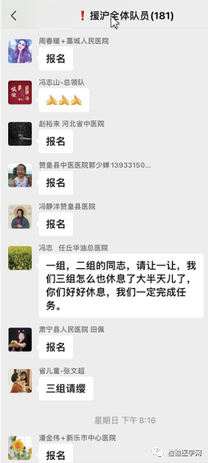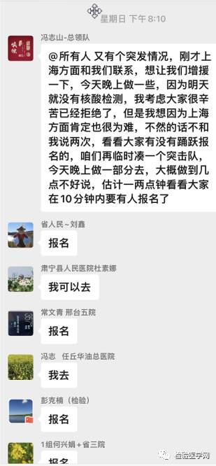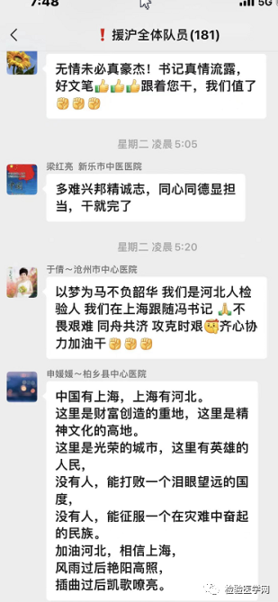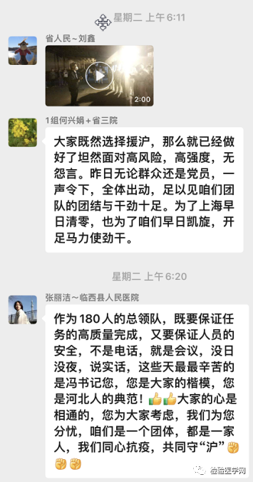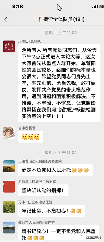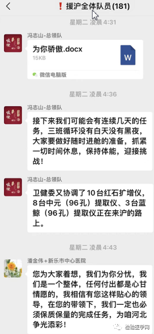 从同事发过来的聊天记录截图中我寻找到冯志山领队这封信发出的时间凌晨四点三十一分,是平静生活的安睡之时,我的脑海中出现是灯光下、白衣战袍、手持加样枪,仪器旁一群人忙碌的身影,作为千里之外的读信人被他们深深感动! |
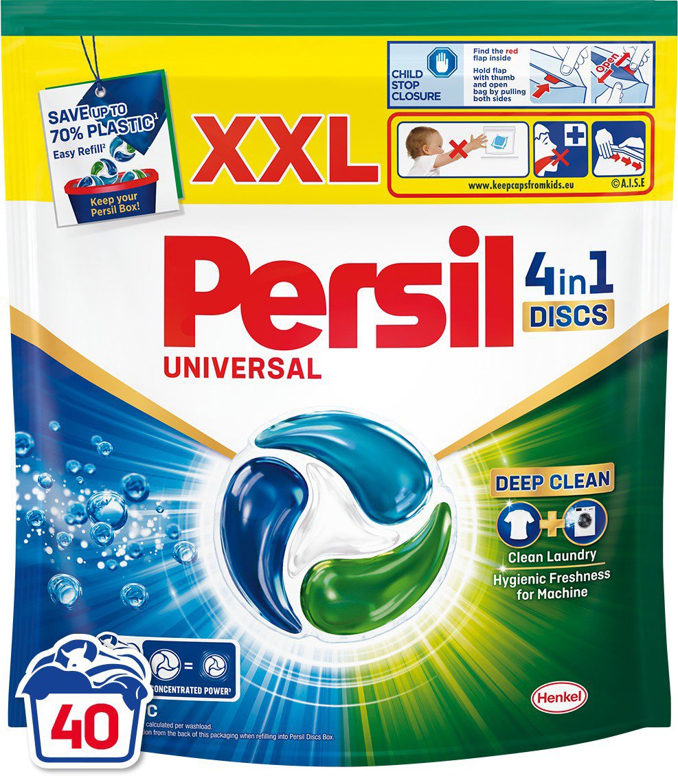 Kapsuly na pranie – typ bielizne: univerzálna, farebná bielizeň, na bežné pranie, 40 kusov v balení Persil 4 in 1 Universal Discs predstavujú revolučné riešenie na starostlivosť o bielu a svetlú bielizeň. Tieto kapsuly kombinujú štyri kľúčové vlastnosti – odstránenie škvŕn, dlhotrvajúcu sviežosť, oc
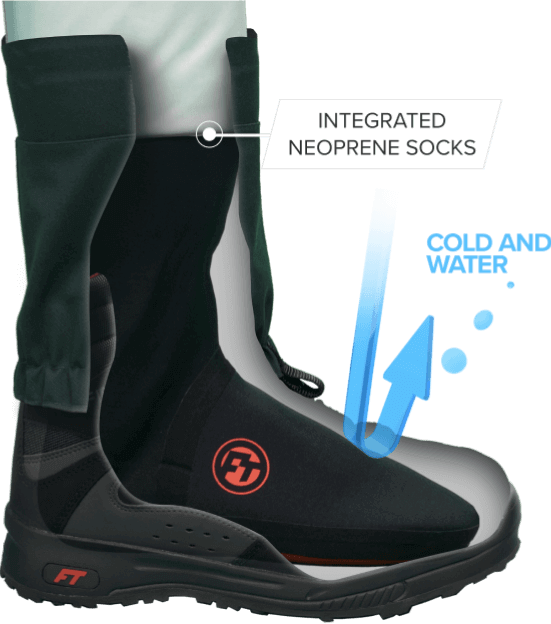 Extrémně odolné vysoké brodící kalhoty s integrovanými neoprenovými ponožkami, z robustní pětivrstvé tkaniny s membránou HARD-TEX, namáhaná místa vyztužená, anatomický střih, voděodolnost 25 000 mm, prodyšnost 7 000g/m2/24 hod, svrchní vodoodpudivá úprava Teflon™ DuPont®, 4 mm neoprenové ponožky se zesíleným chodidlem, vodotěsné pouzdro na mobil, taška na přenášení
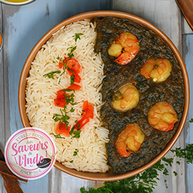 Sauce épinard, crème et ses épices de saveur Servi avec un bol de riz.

════════

**Required work:**
In your copy, include no pictures and only the lines from the line with "Kapsuly na pranie" through the final line of the listing above, reproduced exactly.

**Expected answer:**
 Kapsuly na pranie – typ bielizne: univerzálna, farebná bielizeň, na bežné pranie, 40 kusov v balení Persil 4 in 1 Universal Discs predstavujú revolučné riešenie na starostlivosť o bielu a svetlú bielizeň. Tieto kapsuly kombinujú štyri kľúčové vlastnosti – odstránenie škvŕn, dlhotrvajúcu sviežosť, oc
 Extrémně odolné vysoké brodící kalhoty s integrovanými neoprenovými ponožkami, z robustní pětivrstvé tkaniny s membránou HARD-TEX, namáhaná místa vyztužená, anatomický střih, voděodolnost 25 000 mm, prodyšnost 7 000g/m2/24 hod, svrchní vodoodpudivá úprava Teflon™ DuPont®, 4 mm neoprenové ponožky se zesíleným chodidlem, vodotěsné pouzdro na mobil, taška na přenášení
 Sauce épinard, crème et ses épices de saveur Servi avec un bol de riz.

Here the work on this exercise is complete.